> _Task details_
Pictures excluded, output the lines of the data below between the one holding "Во время приготовления" and the one holding "There are 14", inclusive, exactly as they stand.

> _Data section_
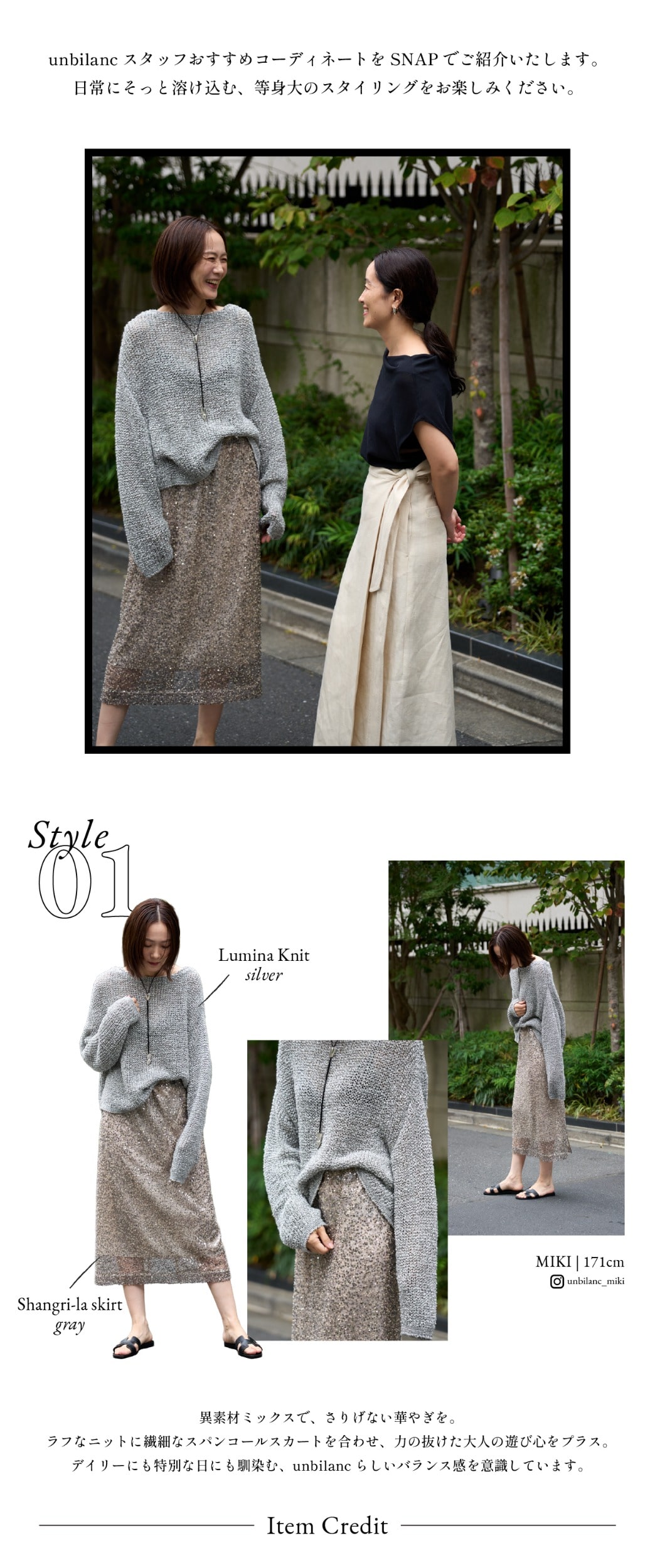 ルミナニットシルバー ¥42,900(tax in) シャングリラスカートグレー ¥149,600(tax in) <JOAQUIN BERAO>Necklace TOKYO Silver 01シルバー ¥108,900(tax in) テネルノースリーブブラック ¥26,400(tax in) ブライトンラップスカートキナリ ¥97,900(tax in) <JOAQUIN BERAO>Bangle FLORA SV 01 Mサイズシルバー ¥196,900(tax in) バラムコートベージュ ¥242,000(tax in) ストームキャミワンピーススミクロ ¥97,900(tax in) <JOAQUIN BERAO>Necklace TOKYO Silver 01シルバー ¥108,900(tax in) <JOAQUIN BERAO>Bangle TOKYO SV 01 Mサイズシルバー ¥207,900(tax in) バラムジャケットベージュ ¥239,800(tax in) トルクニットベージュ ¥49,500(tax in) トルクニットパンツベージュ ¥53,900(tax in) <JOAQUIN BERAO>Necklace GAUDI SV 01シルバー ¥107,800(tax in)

==

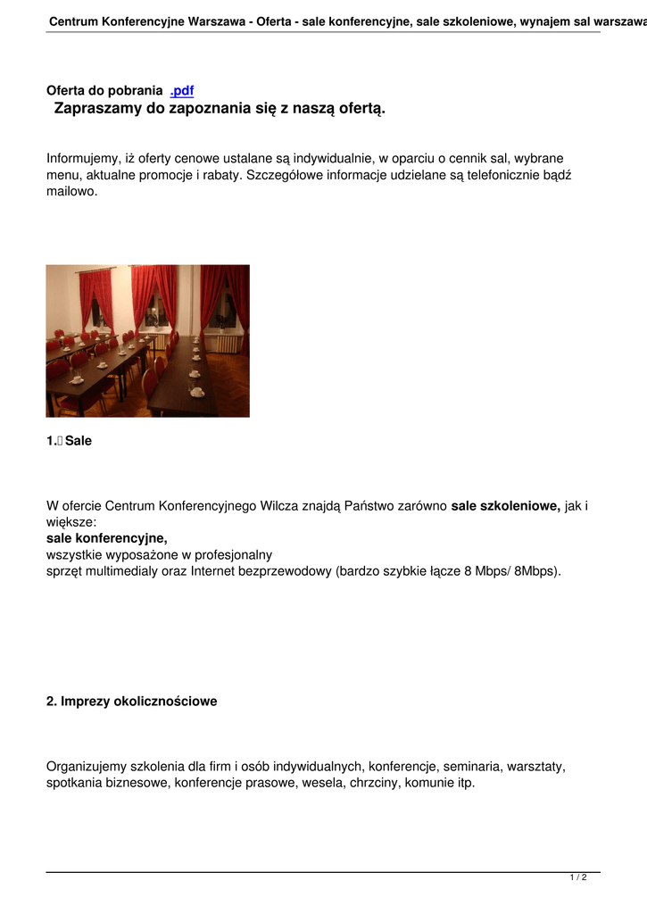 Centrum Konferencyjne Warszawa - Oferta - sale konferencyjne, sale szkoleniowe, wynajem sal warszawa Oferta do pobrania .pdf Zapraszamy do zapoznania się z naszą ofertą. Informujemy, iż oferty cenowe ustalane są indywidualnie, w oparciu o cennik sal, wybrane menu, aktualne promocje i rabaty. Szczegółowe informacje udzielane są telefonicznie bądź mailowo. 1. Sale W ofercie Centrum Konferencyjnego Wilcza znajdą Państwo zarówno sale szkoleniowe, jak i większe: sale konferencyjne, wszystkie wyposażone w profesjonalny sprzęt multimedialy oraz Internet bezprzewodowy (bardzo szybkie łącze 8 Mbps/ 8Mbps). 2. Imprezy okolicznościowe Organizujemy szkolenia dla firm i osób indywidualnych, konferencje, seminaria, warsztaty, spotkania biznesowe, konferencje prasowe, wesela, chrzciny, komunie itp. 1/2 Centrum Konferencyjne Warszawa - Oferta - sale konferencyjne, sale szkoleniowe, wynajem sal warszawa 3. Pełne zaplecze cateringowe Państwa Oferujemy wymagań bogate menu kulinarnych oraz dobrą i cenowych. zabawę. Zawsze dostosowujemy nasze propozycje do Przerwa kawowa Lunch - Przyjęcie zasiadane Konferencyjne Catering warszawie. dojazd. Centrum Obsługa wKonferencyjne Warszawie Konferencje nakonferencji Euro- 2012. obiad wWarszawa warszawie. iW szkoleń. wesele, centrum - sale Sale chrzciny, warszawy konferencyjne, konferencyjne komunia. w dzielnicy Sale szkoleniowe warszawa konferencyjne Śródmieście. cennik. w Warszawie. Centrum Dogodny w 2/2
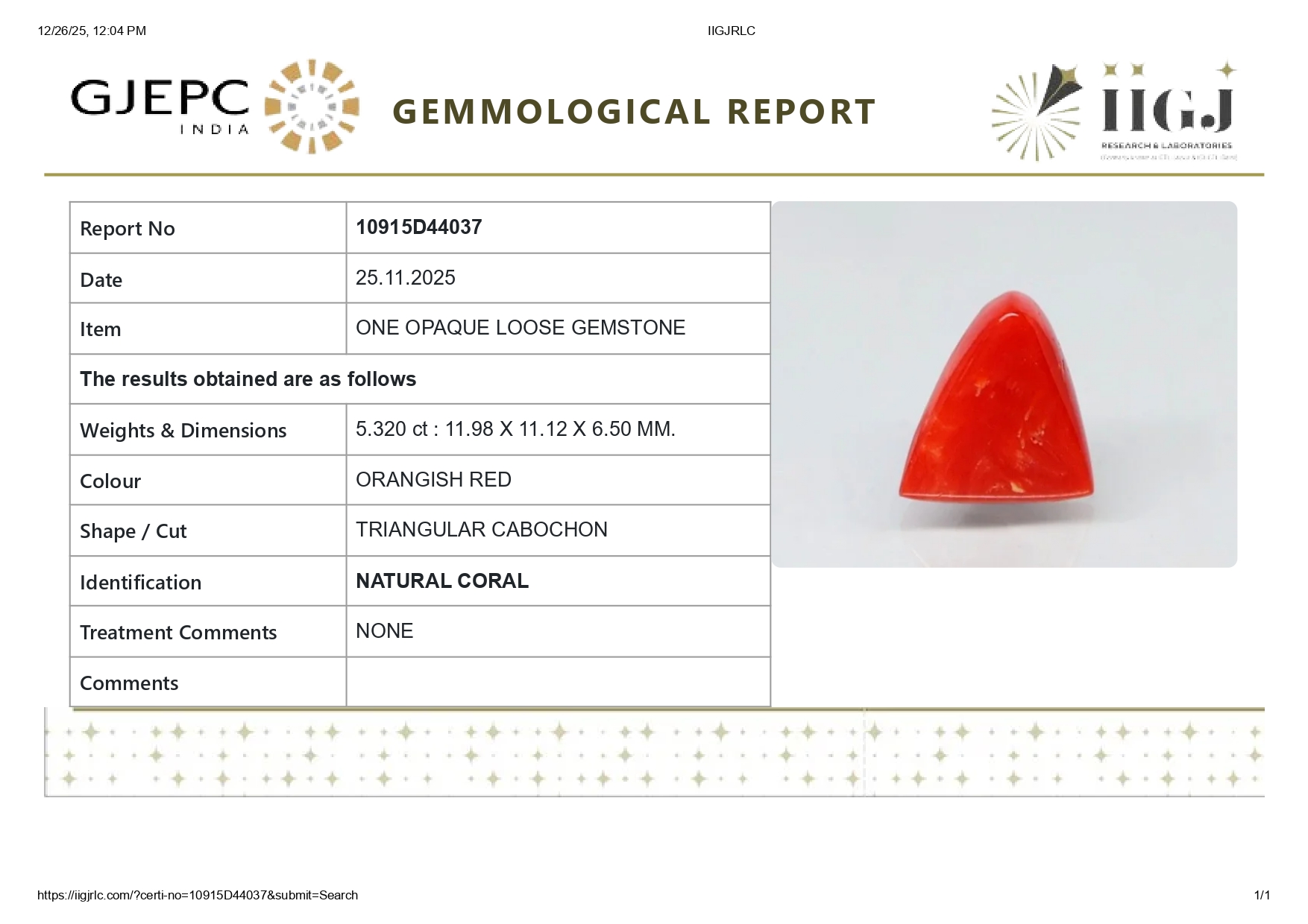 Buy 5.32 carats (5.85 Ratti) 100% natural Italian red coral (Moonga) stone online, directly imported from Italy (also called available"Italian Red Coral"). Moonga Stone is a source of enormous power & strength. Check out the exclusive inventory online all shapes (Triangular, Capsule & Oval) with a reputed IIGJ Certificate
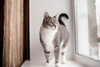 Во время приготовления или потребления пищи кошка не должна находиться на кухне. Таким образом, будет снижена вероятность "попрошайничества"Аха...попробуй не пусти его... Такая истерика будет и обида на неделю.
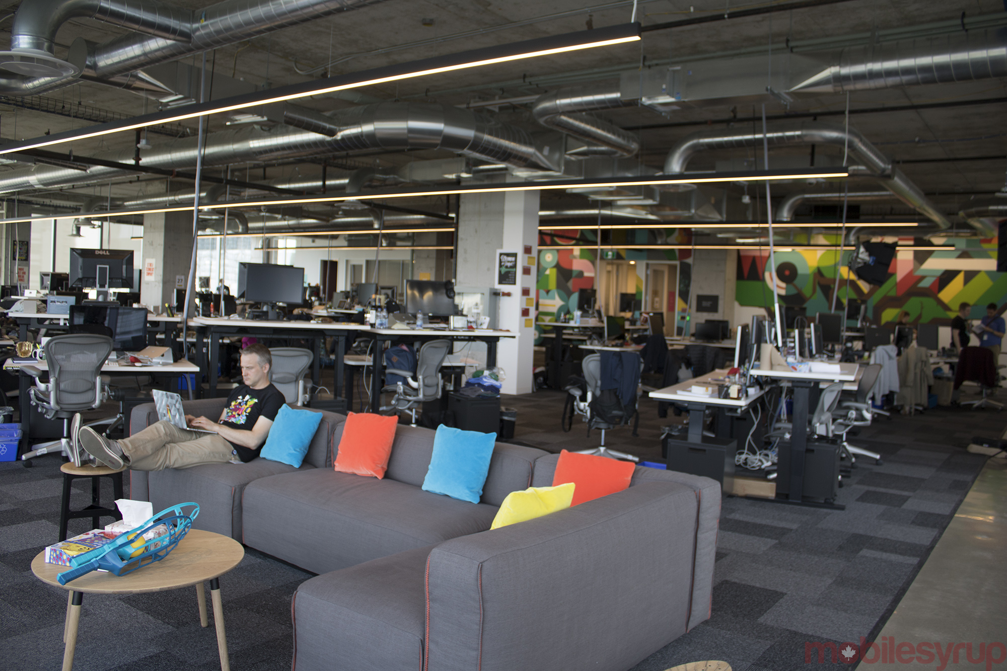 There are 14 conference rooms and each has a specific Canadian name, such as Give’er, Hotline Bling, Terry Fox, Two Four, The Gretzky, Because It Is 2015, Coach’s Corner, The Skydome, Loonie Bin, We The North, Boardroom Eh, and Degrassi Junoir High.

> _Solution to the exercise_
 Во время приготовления или потребления пищи кошка не должна находиться на кухне. Таким образом, будет снижена вероятность "попрошайничества"Аха...попробуй не пусти его... Такая истерика будет и обида на неделю.
 There are 14 conference rooms and each has a specific Canadian name, such as Give’er, Hotline Bling, Terry Fox, Two Four, The Gretzky, Because It Is 2015, Coach’s Corner, The Skydome, Loonie Bin, We The North, Boardroom Eh, and Degrassi Junoir High.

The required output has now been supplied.